Washington, DC 20530

July 2018 | Volume 11 | Issue 7

In the last several years, Camden County, New Jersey has experienced a transformation as a result of community policing initiatives that have decreased its violent crime levels to their lowest since the early 1980’s. These community policing initiatives, implemented by Camden County Police Chief J. Scott Thomson, include strategies such as moving officers from patrol cars to walking a beat; bike patrols in neighborhoods and parks; and community engagement through school programs, sport events, and work in local community centers.

Department of Justice Deputy Attorney General (DAG) Rod Rosenstein, Associate Deputy Attorney General (ADAG) Steve Cook, and COPS Office Director Phil Keith met with Camden County Police Chief J. Scott Thomson and his Department last month to discuss the success of the Camden County Police Department and its collaborative partners.  The June 5th meeting included a roundtable discussion with local, county and state executives, United States Congressman Don Norcross, representatives from the Department of Homeland Security (DHS), the New Jersey Drug Enforcement Administration (DEA), the Philadelphia Federal Bureau of Investigation (FBI), United States Attorneys from New Jersey and Philadelphia, as well as state prosecutors.

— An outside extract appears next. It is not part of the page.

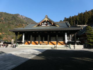 明治八年(1875)の大火以来、本堂の再建は身延山の悲願でした。機熟し、日蓮聖人第七百遠忌の主要事業として、八十八世日慈上人代に着手、八十九世日康上人を経て、九十世日勇上人によって昭和六十年五月入仏落慶式が行われました。総面積九百七十坪、間口十七間半、奥行二十八間。
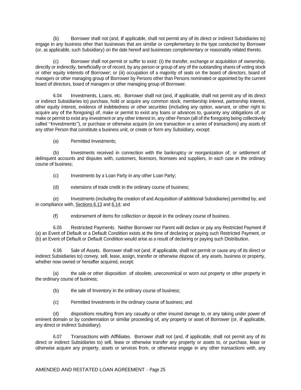 AMENDED AND RESTATED LOAN AGREEMENT – Page 25 (b) Borrower shall not (and, if applicable, shall not permit any of its direct or indirect Subsidiaries to) engage in any business other than businesses that are similar or complementary to the type conducted by Borrower (or, as applicable, such Subsidiary) on the date hereof and businesses complementary or reasonably related thereto. (c) Borrower shall not permit or suffer to exist: (i) the transfer, exchange or acquisition of ownership, directly or indirectly, beneficially or of record, by any person or group of any of the outstanding shares of voting stock or other equity interests of Borrower; or (ii) occupation of a majority of seats on the board of directors, board of managers or other managing group of Borrower by Persons other than Persons nominated or appointed by the current board of directors, board of managers or other managing group of Borrower. 6.04 Investments, Loans, etc. Borrower shall not (and, if applicable, shall not permit any of its direct or indirect Subsidiaries to) purchase, hold or acquire any common stock, membership interest, partnership interest, other equity interest, evidence of indebtedness or other securities (including any option, warrant, or other right to acquire any of the foregoing) of, make or permit to exist any loans or advances to, guaranty any obligations of, or make or permit to exist any investment or any other interest in, any other Person (all of the foregoing being collectively called “Investments”), or purchase or otherwise acquire (in one transaction or a series of transactions) any assets of any other Person that constitute a business unit, or create or form any Subsidiary, except: (a) Permitted Investments; (b) Investments received in connection with the bankruptcy or reorganization of, or settlement of delinquent accounts and disputes with, customers, licensors, licensees and suppliers, in each case in the ordinary course of business; (c) Investments by a Loan Party in any other Loan Party; (d) extensions of trade credit in the ordinary course of business; (e) Investments (including the creation of and Acquisition of additional Subsidiaries) permitted by, and in compliance with, Sections 6.13 and 6.14; and (f) endorsement of items for collection or deposit in the ordinary course of business. 6.05 Restricted Payments. Neither Borrower nor Parent will declare or pay any Restricted Payment if (a) an Event of Default or a Default Condition exists at the time of declaring or paying such Restricted Payment, or (b) an Event of Default or Default Condition would arise as a result of declaring or paying such Distribution. 6.06 Sale of Assets. Borrower shall not (and, if applicable, shall not permit or cause any of its direct or indirect Subsidiaries to) convey, sell, lease, assign, transfer or otherwise dispose of, any assets, business or property, whether now owned or hereafter acquired, except: (a) the sale or other disposition of obsolete, uneconomical or worn out property or other property in the ordinary course of business; (b) the sale of Inventory in the ordinary course of business; (c) Permitted Investments in the ordinary course of business; and (d) dispositions resulting from any casualty or other insured damage to, or any taking under power of eminent domain or by condemnation or similar proceeding of, any property or asset of Borrower (or, if applicable, any direct or indirect Subsidiary). 6.07 Transactions with Affiliates. Borrower shall not (and, if applicable, shall not permit any of its direct or indirect Subsidiaries to) sell, lease or otherwise transfer any property or assets to, or purchase, lease or otherwise acquire any property, assets or services from, or otherwise engage in any other transactions with, any

The city, county, state and federal partners work in collaboration to support the community and improve public safety as a shared goal.

DAG Rosenstein, ADAG Cook and Director Keith also toured the Real Time Tactical Operation Intelligence Center to learn more about the surveillance program successes and challenges.  The center is used as a force multiplier to support law enforcement.  In addition to data collection and analysis, the system includes a GPS system that dispatches the closest patrol unit during service calls and provides supporting information for the responding officers.  Chief Thomson responded to initial civil liberty concerns with frank discussions and an ongoing policy of transparency that addresses questions from residents.  DAG Rosenstein discussed the Intelligence Center during a roll call visit with Camden frontline officers, where he also expressed his appreciation for their work to increase public safety.

Guadalupe Family Services, a 2017 FBI Director's Community Leadership Award Recipient, also hosted the Department of Justice leaders for an afternoon tour and highlighted the collaboration between their nonprofit and the Camden County Police Department.  For example, officers mentor school age students in the Community Adolescents Striving for Achievement (CASA) program, a resource open to Camden teens every day after school.  In just the last few years, Camden schools have increased graduation rates and decreased dropout rates with programs such as CASA.  Chief Thomson and his department continue to demonstrate community policing initiatives and collaboration to support the thriving Camden residents.

”Chief Thomson complements the law enforcement profession with his innovation and commitment to decreasing violent crime.  His innovative community policing strategies, such as community engagement and use of surveillance system technology to support frontline officers have resulted in safer community that is thriving with new investment and employment opportunities,” said Director Phil Keith.